#### [Work item]
Using the data that follows, output only the lines from the line with "- 【Perfect for" up to and including the line with "Zavlažovací tyč je", exactly, leaving pictures aside.

#### [Supplied material]
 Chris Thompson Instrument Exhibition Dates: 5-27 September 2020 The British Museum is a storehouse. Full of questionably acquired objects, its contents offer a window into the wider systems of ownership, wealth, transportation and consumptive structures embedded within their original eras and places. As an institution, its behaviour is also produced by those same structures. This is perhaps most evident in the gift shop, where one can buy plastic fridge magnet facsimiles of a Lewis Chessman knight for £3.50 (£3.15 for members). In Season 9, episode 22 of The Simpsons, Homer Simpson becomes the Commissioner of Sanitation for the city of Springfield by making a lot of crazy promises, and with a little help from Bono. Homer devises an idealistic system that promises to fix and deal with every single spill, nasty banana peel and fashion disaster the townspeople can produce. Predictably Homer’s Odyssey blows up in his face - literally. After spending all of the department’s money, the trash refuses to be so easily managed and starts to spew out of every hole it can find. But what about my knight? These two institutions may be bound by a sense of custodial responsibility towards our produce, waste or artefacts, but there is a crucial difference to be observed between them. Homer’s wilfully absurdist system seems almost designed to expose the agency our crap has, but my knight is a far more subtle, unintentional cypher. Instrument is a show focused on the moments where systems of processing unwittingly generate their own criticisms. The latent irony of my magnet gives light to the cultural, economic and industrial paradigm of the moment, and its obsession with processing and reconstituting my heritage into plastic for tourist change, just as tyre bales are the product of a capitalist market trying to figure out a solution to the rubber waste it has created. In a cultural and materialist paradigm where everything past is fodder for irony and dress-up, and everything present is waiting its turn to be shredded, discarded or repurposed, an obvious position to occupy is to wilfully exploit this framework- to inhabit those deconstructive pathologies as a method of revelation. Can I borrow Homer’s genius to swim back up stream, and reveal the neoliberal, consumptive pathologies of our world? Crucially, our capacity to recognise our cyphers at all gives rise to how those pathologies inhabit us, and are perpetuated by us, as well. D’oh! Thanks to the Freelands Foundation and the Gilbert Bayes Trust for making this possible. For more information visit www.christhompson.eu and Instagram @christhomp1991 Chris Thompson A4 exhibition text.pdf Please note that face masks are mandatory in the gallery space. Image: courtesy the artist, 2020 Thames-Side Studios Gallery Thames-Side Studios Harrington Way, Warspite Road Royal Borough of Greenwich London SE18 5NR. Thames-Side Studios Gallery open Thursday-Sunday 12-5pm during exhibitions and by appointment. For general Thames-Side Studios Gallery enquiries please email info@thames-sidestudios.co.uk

==

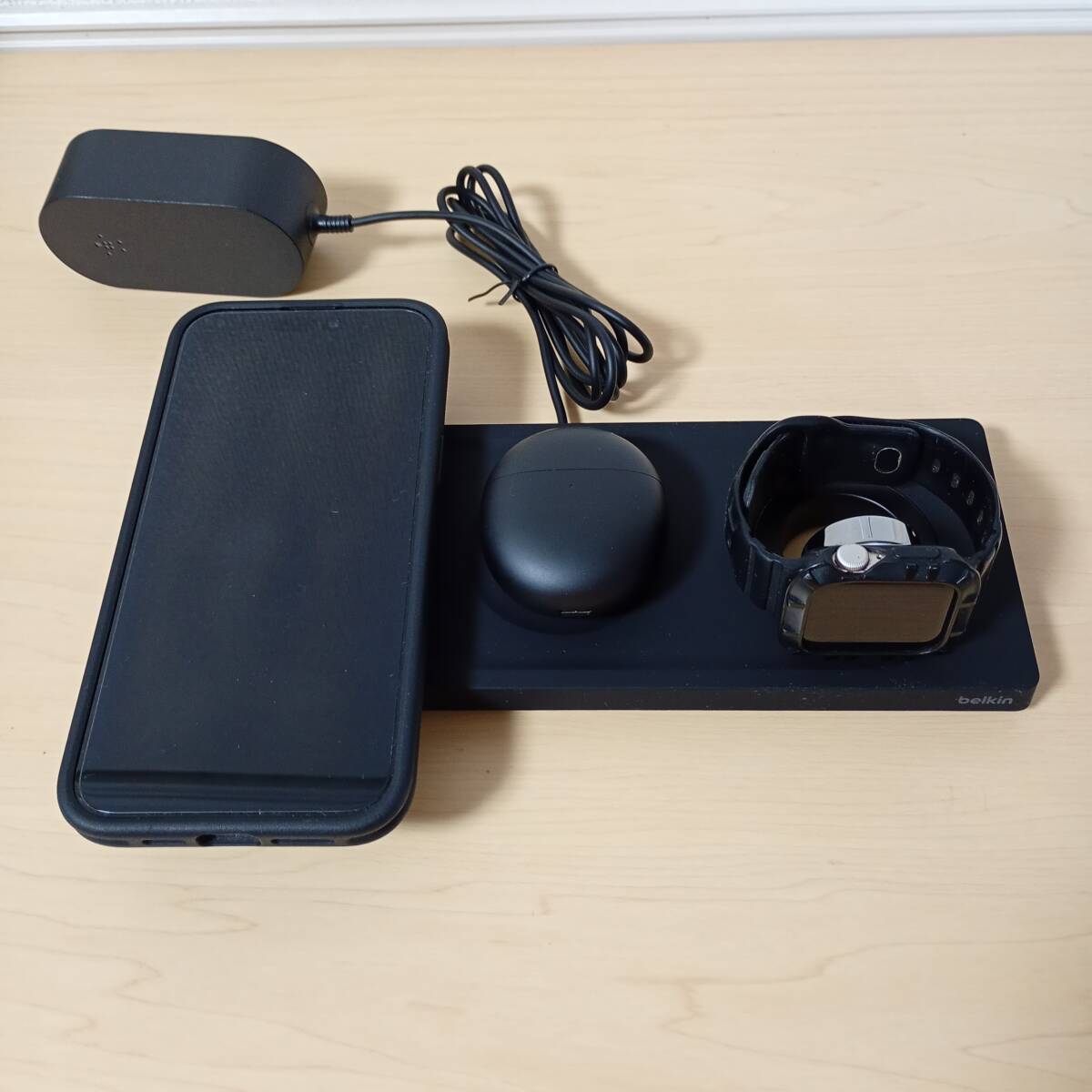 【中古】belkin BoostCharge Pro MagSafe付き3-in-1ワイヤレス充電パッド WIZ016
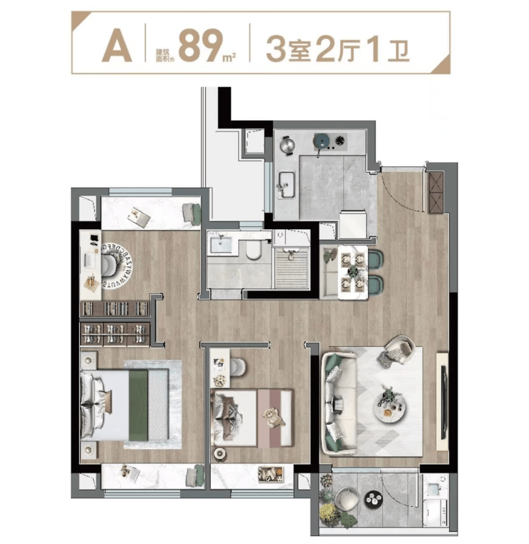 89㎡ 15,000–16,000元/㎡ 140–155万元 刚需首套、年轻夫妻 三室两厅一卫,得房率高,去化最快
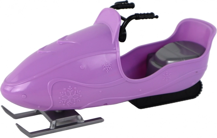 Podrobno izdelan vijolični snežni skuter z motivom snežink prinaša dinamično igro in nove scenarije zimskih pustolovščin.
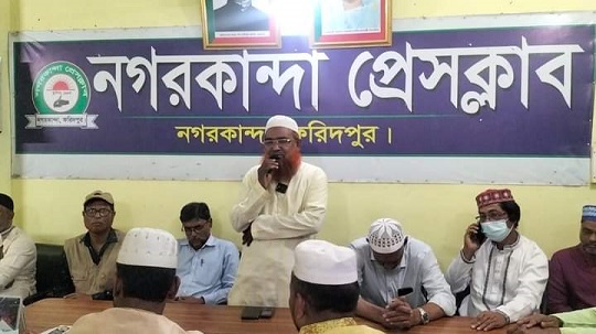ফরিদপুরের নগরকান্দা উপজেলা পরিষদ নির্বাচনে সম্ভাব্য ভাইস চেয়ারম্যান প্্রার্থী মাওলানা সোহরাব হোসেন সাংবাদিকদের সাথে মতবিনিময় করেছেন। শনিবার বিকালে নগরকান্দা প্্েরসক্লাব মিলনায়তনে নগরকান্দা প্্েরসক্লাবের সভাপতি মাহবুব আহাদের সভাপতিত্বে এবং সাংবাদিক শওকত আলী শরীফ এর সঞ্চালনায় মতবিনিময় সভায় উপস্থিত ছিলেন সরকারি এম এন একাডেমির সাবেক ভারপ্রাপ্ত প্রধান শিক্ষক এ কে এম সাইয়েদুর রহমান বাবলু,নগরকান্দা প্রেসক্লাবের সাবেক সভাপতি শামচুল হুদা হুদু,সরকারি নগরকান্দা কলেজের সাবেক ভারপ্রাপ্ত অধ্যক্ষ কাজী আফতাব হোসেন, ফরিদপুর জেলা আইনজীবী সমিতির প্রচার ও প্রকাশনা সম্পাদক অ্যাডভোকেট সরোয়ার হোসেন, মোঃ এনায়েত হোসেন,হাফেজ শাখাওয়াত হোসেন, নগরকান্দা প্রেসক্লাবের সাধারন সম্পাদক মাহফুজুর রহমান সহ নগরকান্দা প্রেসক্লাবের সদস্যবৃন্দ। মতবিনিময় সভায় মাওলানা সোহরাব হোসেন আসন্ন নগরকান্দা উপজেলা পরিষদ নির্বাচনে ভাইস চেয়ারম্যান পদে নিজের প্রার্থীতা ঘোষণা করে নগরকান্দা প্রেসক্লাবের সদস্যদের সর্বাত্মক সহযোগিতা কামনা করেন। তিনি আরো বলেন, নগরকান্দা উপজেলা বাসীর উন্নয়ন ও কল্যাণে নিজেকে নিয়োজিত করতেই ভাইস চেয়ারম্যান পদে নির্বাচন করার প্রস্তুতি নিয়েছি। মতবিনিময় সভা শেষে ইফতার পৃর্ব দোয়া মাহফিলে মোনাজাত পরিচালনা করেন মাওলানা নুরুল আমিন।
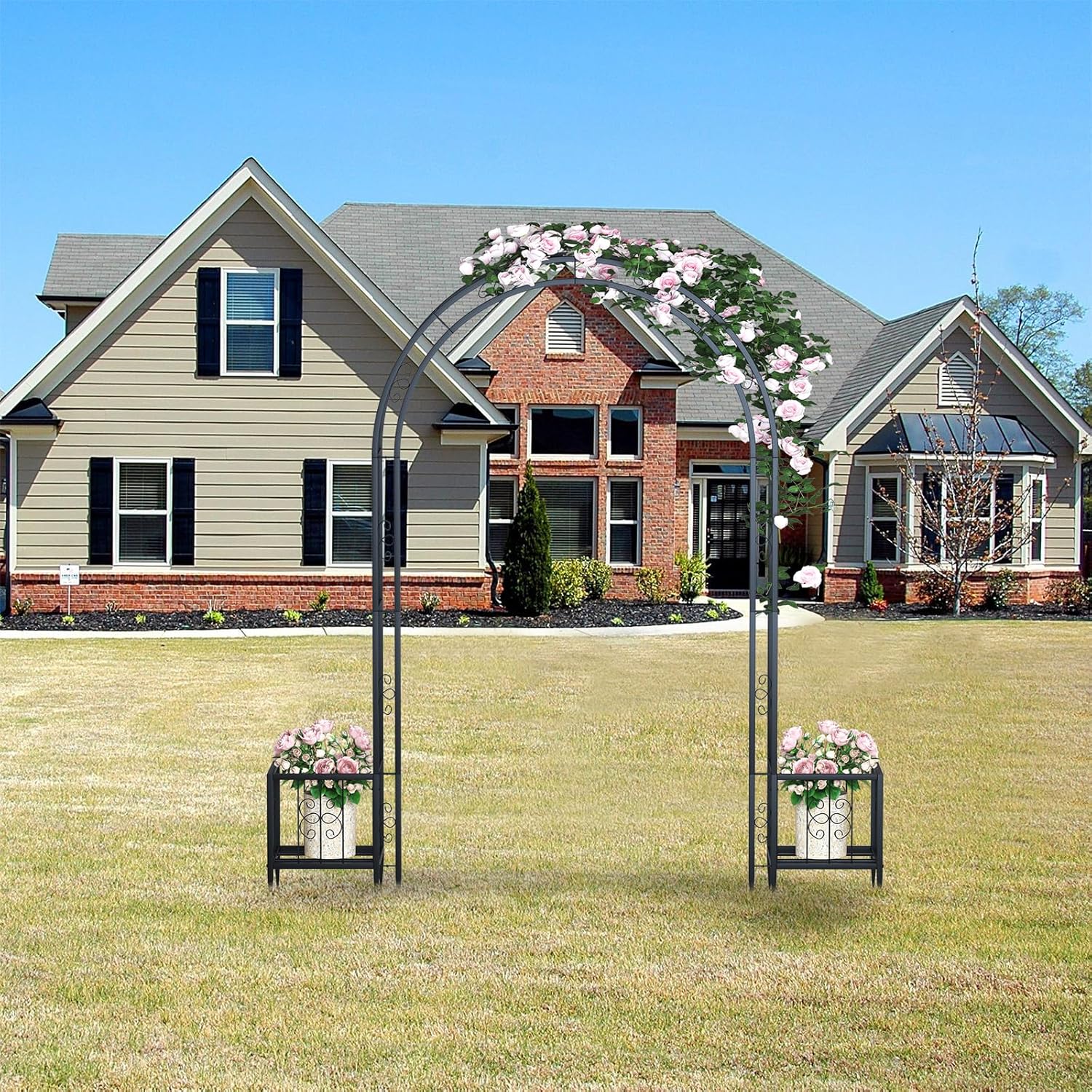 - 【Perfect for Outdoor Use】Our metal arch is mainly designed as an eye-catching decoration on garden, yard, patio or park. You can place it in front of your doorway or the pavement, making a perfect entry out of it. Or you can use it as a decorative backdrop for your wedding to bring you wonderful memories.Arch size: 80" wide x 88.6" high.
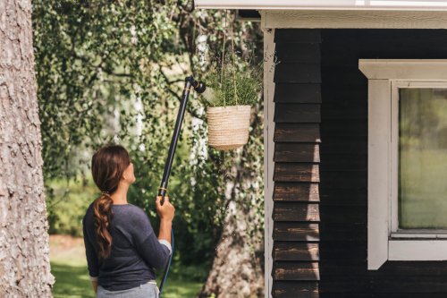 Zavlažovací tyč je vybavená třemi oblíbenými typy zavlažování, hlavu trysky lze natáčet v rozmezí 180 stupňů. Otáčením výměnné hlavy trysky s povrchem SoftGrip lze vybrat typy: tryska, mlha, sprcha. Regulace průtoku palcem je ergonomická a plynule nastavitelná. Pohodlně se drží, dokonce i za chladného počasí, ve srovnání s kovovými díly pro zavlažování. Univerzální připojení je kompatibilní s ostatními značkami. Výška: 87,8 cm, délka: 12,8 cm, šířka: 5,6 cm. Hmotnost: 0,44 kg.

#### [Exercise answer]
 - 【Perfect for Outdoor Use】Our metal arch is mainly designed as an eye-catching decoration on garden, yard, patio or park. You can place it in front of your doorway or the pavement, making a perfect entry out of it. Or you can use it as a decorative backdrop for your wedding to bring you wonderful memories.Arch size: 80" wide x 88.6" high.
 Zavlažovací tyč je vybavená třemi oblíbenými typy zavlažování, hlavu trysky lze natáčet v rozmezí 180 stupňů. Otáčením výměnné hlavy trysky s povrchem SoftGrip lze vybrat typy: tryska, mlha, sprcha. Regulace průtoku palcem je ergonomická a plynule nastavitelná. Pohodlně se drží, dokonce i za chladného počasí, ve srovnání s kovovými díly pro zavlažování. Univerzální připojení je kompatibilní s ostatními značkami. Výška: 87,8 cm, délka: 12,8 cm, šířka: 5,6 cm. Hmotnost: 0,44 kg.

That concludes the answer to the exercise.